Observation data Epoch J2000 Equinox ICRS
- Constellation: Auriga
- Right ascension: 05^{h} 26^{m} 54.31751^{s}
- Declination: +35° 27′ 26.1855″
- Apparent magnitude (V): 6.3062±0.0008

Characteristics
- Spectral type: K7III
- Apparent magnitude (G): 5.66
- U−B color index: +1.68
- B−V color index: +1.45

Astrometry
- Radial velocity (R_{v}): −20.28±0.13 km/s
- Proper motion (μ): RA: −14.565±0.055 mas/yr Dec.: −11.452±0.031 mas/yr
- Parallax (π): 4.6665±0.0372 mas
- Distance: 699 ± 6 ly (214 ± 2 pc)
- Absolute magnitude (M_{V}): −0.08

Details
- Mass: 2.7 M_{☉}
- Radius: 30 R_{☉}
- Luminosity: 259 L_{☉}
- Surface gravity (log g): 1.50 cgs
- Temperature: 4,265 K
- Metallicity [Fe/H]: −0.084±0.093 dex
- Age: 5.6 Gyr
- Other designations: BD+35°1102, FK5 2408, HD 35519, HIP 25476, HR 1794, SAO 58029, Gaia DR3 182940906456370304

Database references
- SIMBAD: data

= HD 35519 =

Star in the constellation Auriga

HD 35519 is a K-type giant star in the direction of open cluster Messier 38. It was once treated as a cluster member, but is now known to be a foreground object located at a distance of about 699 ly.
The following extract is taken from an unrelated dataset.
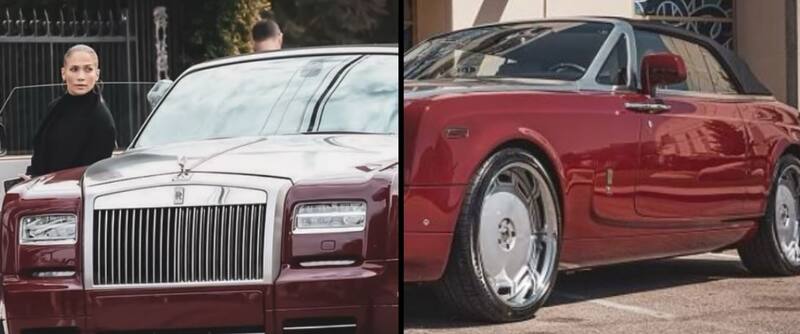 El lujoso auto de Jennifer Lopez es un modelo Rolls-Royce Phantom Drophead Coupe en color rojo de dos puertas. Está valorado en más de 500 mil dólares. Es convertible y tiene finos acabados en su interior en color blanco.

The star has expanded to about 30 times the Sun's radius and radiates around 259 times the Sun's luminosity at a temperature of about 4,265 K. HD 35519 is 5.6 billion years old and has 2.7 times the Sun's mass. At an apparent visual magnitude of 6.3062, the star is visible to the naked eye under good viewing conditions.